I'm trying to scrape all comments from a subreddit. I've found a library called PRAW. It gives an example

import praw
r = praw.Reddit('Comment parser example by u/_Daimon_')
subreddit = r.get_subreddit("python")
comments = subreddit.get_comments()

However, this returns only the most recent 25 comments. How can I parse all comments in the subreddit? On the Reddit interface, there's a next button, so it should be possible to go back in history page by page.

Answer

IronManMark20 picture IronManMark20 · Jun 28, 2015

From the docs:

See UnauthenticatedReddit.get_comments() for complete usage.

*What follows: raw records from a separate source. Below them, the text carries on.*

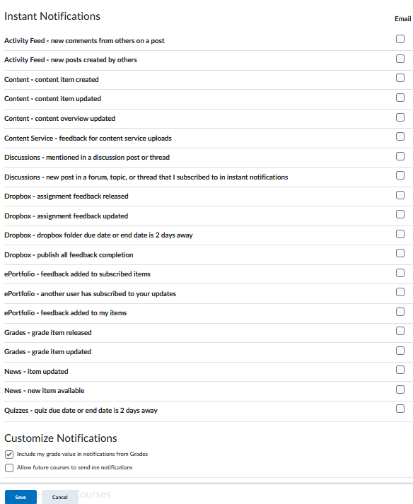 Notifications allows you to control how you receive notifications about activities in your course. You can choose to receive instant notification via your preferred method (email or SMS) or you can choose to receive a summary of activity daily for each of your courses through email.
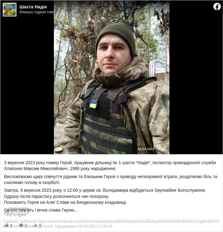Війна забрала життя прикордонника з Львівщини.3 вересня помер Герой, інспектор прикордонної служби Максим Миколайович Хлапонін, 1988 року народження,
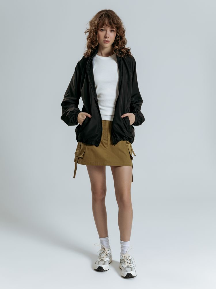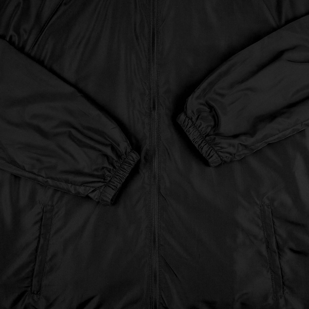 • Кулиска с эластичной резинкой по краю капюшона, по низу изделия и по горловине воротника изделия
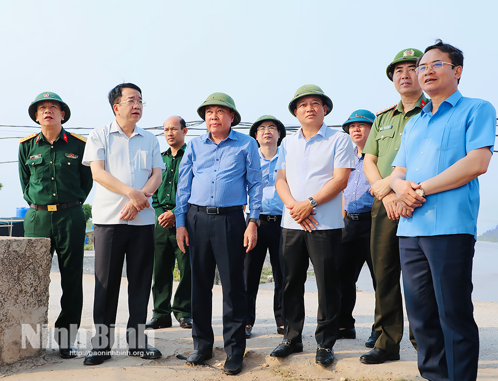 Đồng chí Chủ tịch UBND tỉnh Nguyễn Thanh Bình và đoàn công tác kiểm tra tại điểm sạt lở bãi sông, đoạn từ K24+710 K25+450 đê hữu sông Đáy (phường Đông Hoa Lư).
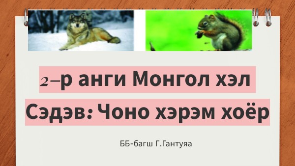 2-р анги Монгол хэл Сэдэв: Чоно хэрэм хоёр
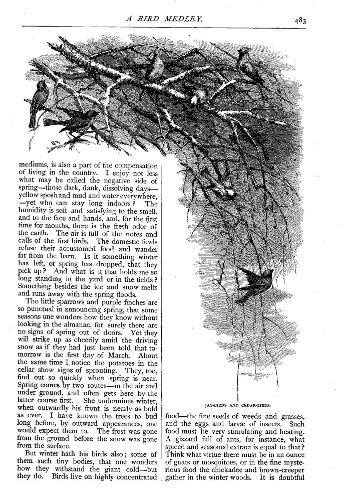 Fidelia Bridges, “Jay-birds and Cedar-birds,” Scribner’s Magazine (August 1876), p. 483
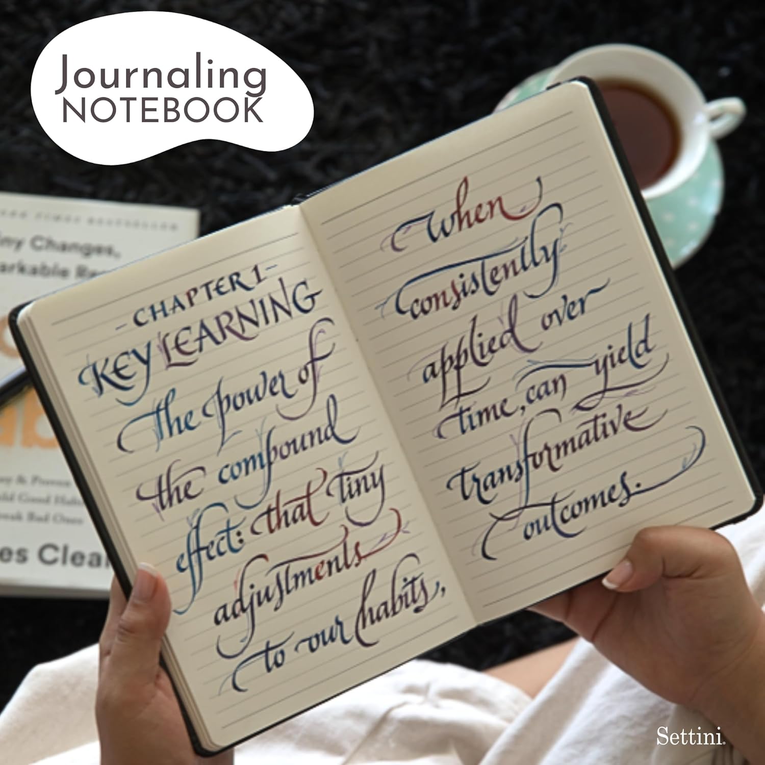 • Smooth Writing Experience: Features 80 GSM QuillEase paper with 7mm line spacing, offering a luxurious, bleed-free surface - ideal as a writing journal, journaling notebook, or travel journal notebook.
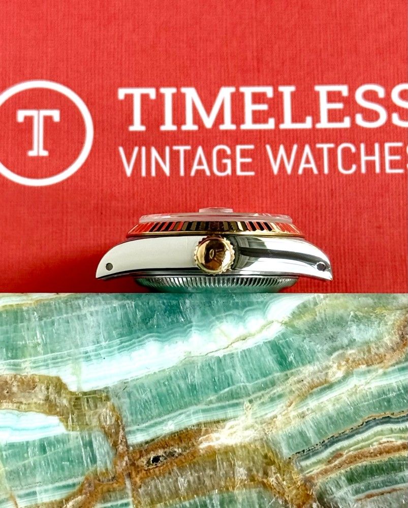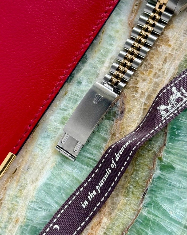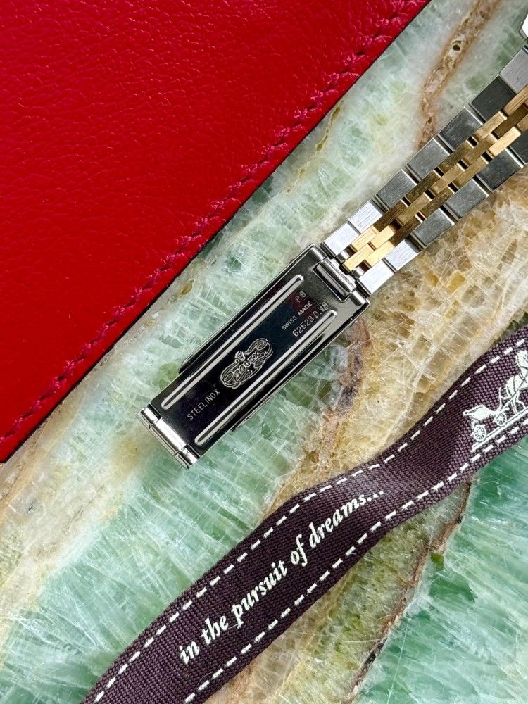 This elegant Rolex Lady Datejust with reference 69173G is in excellent condition, the watch is made from stainless steel and yellow gold. The watch is equipped with a beautiful gold dial with factory set diamonds. The watch was produced in 1990 by Rolex (E-serial) and with box and papers. The cal. 2135 automatic movement is running very accurate and was fully serviced. The 26mm stainless steel oyster case is very nice, with sharp edges and nice and even brushing on the lugs. The serial- and case number between the lugs are clearly readable. The original steel and yellow gold jubilee bracelet is also in really good condition, showing very little stretch. The 18k yellow gold fluted bezel is in great shape keeping the scratch resistant sapphire crystal in place.
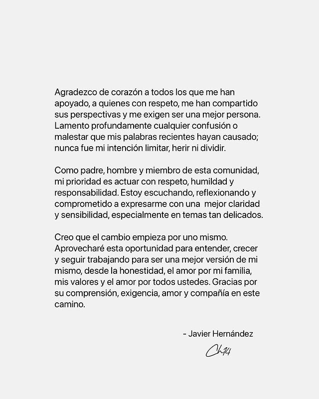 我诚意感谢总共扶助我的东谈主,感谢那些怀着尊重之心与我共享不雅点、鼓动我成为更好的东谈主的东谈主们。关于我最近的言论所形成的任何困惑或不适,我深表歉意,我的本意绝非甩手、伤害或别离任何东谈主。
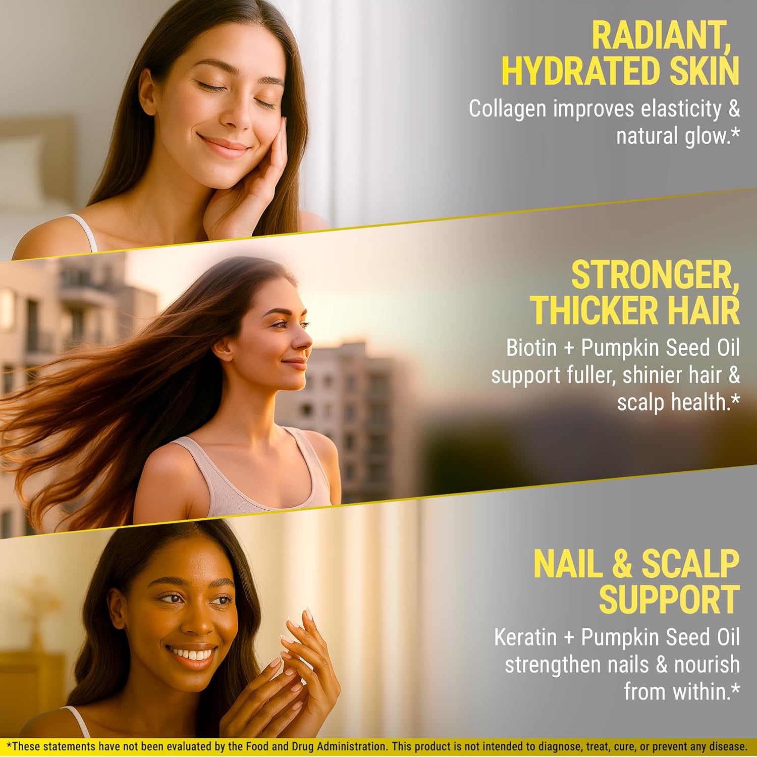 🧬 Synergistic Beauty Complex: Biotin pairs with collagen and keratin to support strong strands, healthy-looking skin, and resilient nails.*
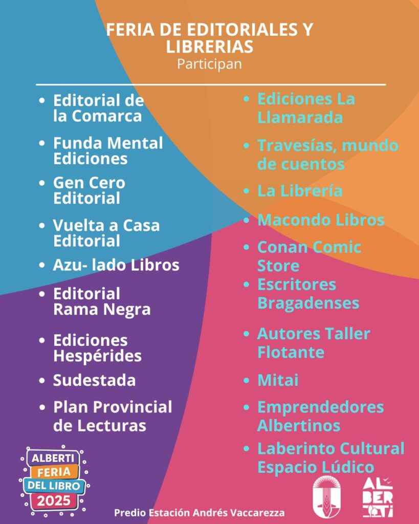 Los primeros dos días, 2 y 3 de octubre, estarán dedicados especialmente a la comunidad educativa, con talleres y actividades abiertas al público en general. El 4 y 5 de octubre será el turno de la feria de editoriales, donde más de 20 sellos y librerías de la región desplegarán sus catálogos para acercar las últimas novedades y grandes clásicos al público lector. Entre ellos, estará presente Editorial De la Comarca con un stand propio, compartiendo sus publicaciones y propuestas con la comunidad.
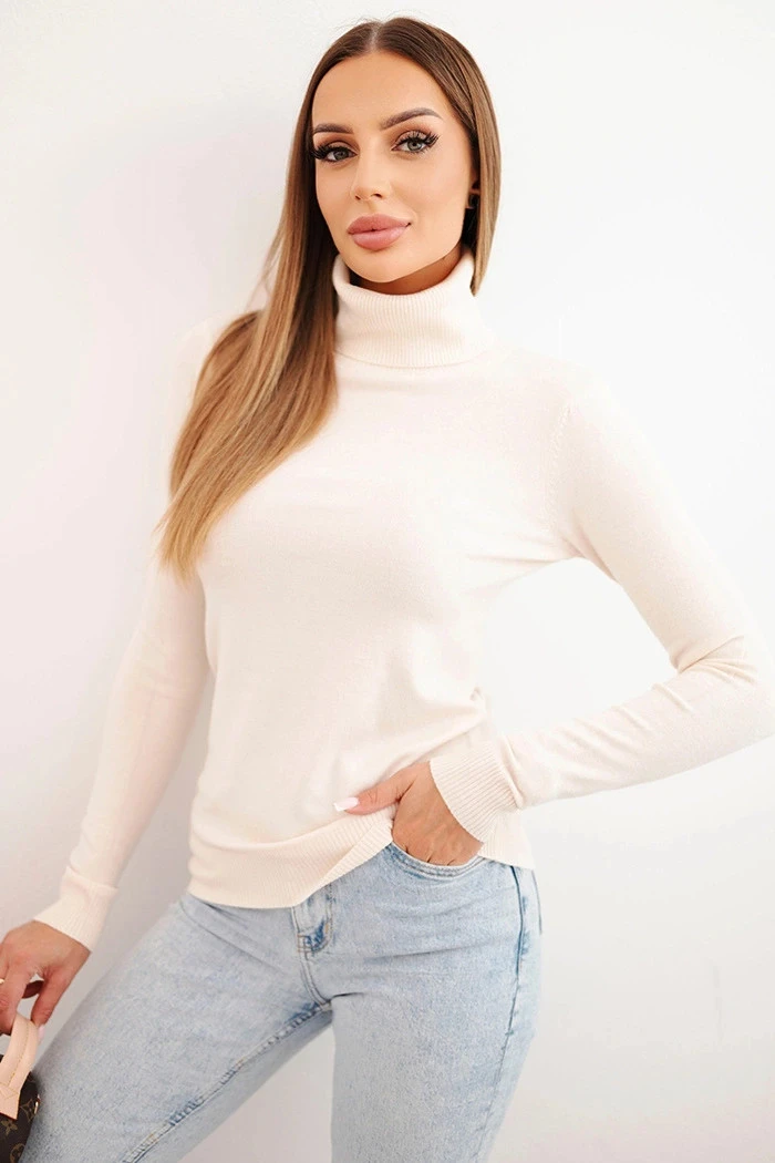 Dámský svetr z viskózy s rolákem a dlouhým rukávem béžový
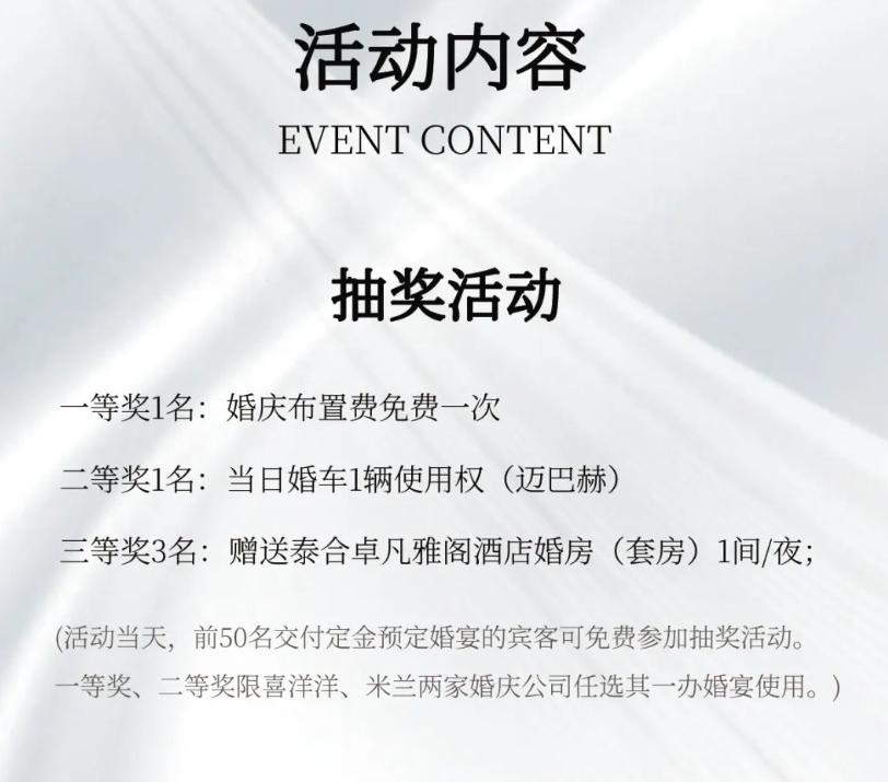 【限时疯抢】3月31日原价13000元婚礼现场仅需8888元,在河北沧州泰合卓凡雅阁酒店(雅阁酒店集团旗下成员酒店),限前50名抽奖送布场费免费券、迈巴赫婚车,多重好礼等你来拿!

That function has *args and **kwargs, and the function notes:

The additional parameters are passed directly into get_content(). Note: the url parameter cannot be altered.

Therefore, I looked at that function (find it here). One of the arguments for get_content is limit.

limit – the number of content entries to fetch. If limit <= 0, fetch the default for your account (25 for unauthenticated users). If limit is None, then fetch as many entries as possible (reddit returns at most 100 per request, however, PRAW will automatically make additional requests as necessary).

(Emphasis added). So my test was:

 comments=subreddit.get_comments(limit=None)

And I got 30+ comments (probably the 100 limit, but I had to go through them manually, so I thought 30 was enough).